This document was published by the Media Working Group as a Working Draft using the Recommendation track. This document is intended to become a W3C Recommendation.

Publication as a Working Draft does not imply endorsement by W3C and its Members.

This is a draft document and may be updated, replaced or obsoleted by other documents at any time. It is inappropriate to cite this document as other than work in progress.

This document was produced by a group operating under the W3C Patent Policy. W3C maintains a public list of any patent disclosures made in connection with the deliverables of the group; that page also includes instructions for disclosing a patent. An individual who has actual knowledge of a patent which the individual believes contains Essential Claim(s) must disclose the information in accordance with section 6 of the W3C Patent Policy.

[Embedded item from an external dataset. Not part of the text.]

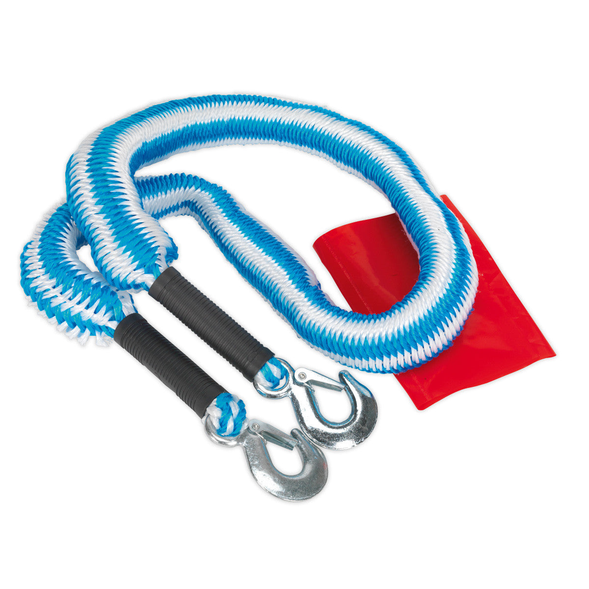The Sealey TH2502 is an elasticated Tow Rope with a metal hook at each end designed to clip on to vehicle towing eye bolts. The rope varies in size from 1.5 - 4 metres which helps to avoid dragging on the ground if there is slack between gear changes or braking. It has a Rolling Load Capacity of 2000kg and comes in a small circular carry case for neat storage in car boot.
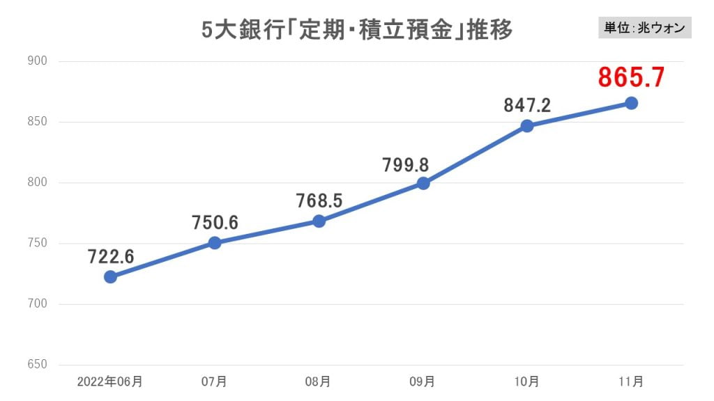 2022年11月末時点での、韓国の5大銀行、『国民銀行』『新韓銀行』『ハナ銀行』『ウリィ銀行』『農協銀行』の定期預金・積立預金残高は、865兆6,531億ウォンと集計されています。

This document is governed by the 2 November 2021 W3C Process Document.

1. Introduction

This section is non-normative.

Many users want to continue consuming media while they interact with other content, sites, or applications on their device. A common UI affordance for this type of activity is Picture-in-Picture (PiP), where the video is contained in a separate miniature window that is always on top of other windows. This window stays visible even when the user agent is not visible. Picture-in-Picture is a common platform-level feature among desktop and mobile OSs.

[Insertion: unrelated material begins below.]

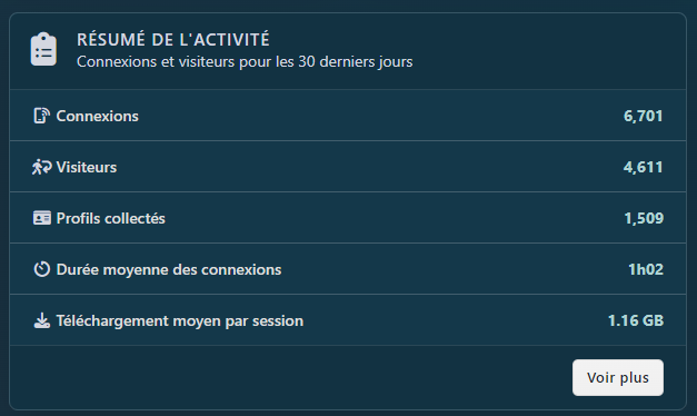 Ce tableau détaille le nombre de connexions que vous avez eues chaque jour.

This specification aims to allow websites to initiate and control this behavior by exposing the following sets of properties to the API:

The proposed Picture-in-Picture API is very similar to [Fullscreen] as they have similar properties. The API only applies to HTMLVideoElement at the moment but is meant to be extensible.

2. Examples

2.1. Add a custom Picture-in-Picture button

<video id="video" src="https://example.com/file.mp4"></video>

<button id="togglePipButton"></button>

<script>
  const video = document.getElementById("video");
  const togglePipButton = document.getElementById("togglePipButton");

  // Hide button if Picture-in-Picture is not supported or disabled.
  togglePipButton.hidden =
    !document.pictureInPictureEnabled || video.disablePictureInPicture;

  togglePipButton.addEventListener("click", async () => {
    // If there is no element in Picture-in-Picture yet, let’s request
    // Picture-in-Picture for the video, otherwise leave it.
    try {
      if (document.pictureInPictureElement) {
        await document.exitPictureInPicture();
      } else {
        await video.requestPictureInPicture();
      }
    } catch (err) {
      // Video failed to enter/leave Picture-in-Picture mode.
    }
  });
</script>

2.2. Monitor video Picture-in-Picture changes

<video id="video" src="https://example.com/file.mp4"></video>

<script>
  const video = document.getElementById("video");

  video.addEventListener("enterpictureinpicture", (event) => {
    // Video entered Picture-in-Picture mode.
    const pipWindow = event.pictureInPictureWindow;
    console.log(<code data-opaque bs-autolink-syntax='`Picture-in-Picture window width: ${pipWindow.width}`'>Picture-in-Picture window width: ${pipWindow.width}</code>);
    console.log(<code data-opaque bs-autolink-syntax='`Picture-in-Picture window height: ${pipWindow.height}`'>Picture-in-Picture window height: ${pipWindow.height}</code>);
  });

  video.addEventListener("leavepictureinpicture", () => {
    // Video left Picture-in-Picture mode.
  });
</script>

2.3. Update video size based on Picture-in-Picture window size changes

<video id="video" src="https://example.com/file.mp4"></video>

<button id="pipButton"></button>

<script>
  const video = document.getElementById("video");
  const pipButton = document.getElementById("pipButton");

  pipButton.addEventListener("click", async () => {
    try {
      await video.requestPictureInPicture();
    } catch (error) {
      // Video failed to enter Picture-in-Picture mode.
    }
  });

  video.addEventListener("enterpictureinpicture", (event) => {
    // Video entered Picture-in-Picture mode.
    const pipWindow = event.pictureInPictureWindow;
    updateVideoSize(pipWindow.width, pipWindow.height);
    pipWindow.addEventListener("resize", onPipWindowResize);
  });

  video.addEventListener("leavepictureinpicture", (event) => {
    // Video left Picture-in-Picture mode.
    const pipWindow = event.pictureInPictureWindow;
    pipWindow.removeEventListener("resize", onPipWindowResize);
  });

  function onPipWindowResize(event) {
    // Picture-in-Picture window has been resized.
    const { width, height } = event.target;
    updateVideoSize(width, height);
  }

  function updateVideoSize(width, height) {
    // TODO: Update video size based on pip window width and height.
  }
</script>

3. Concepts

3.1. Internal Slot Definitions

A user agent has:

  1. An initiators of active Picture-in-Picture sessions list of zero or more origins, which is initially empty.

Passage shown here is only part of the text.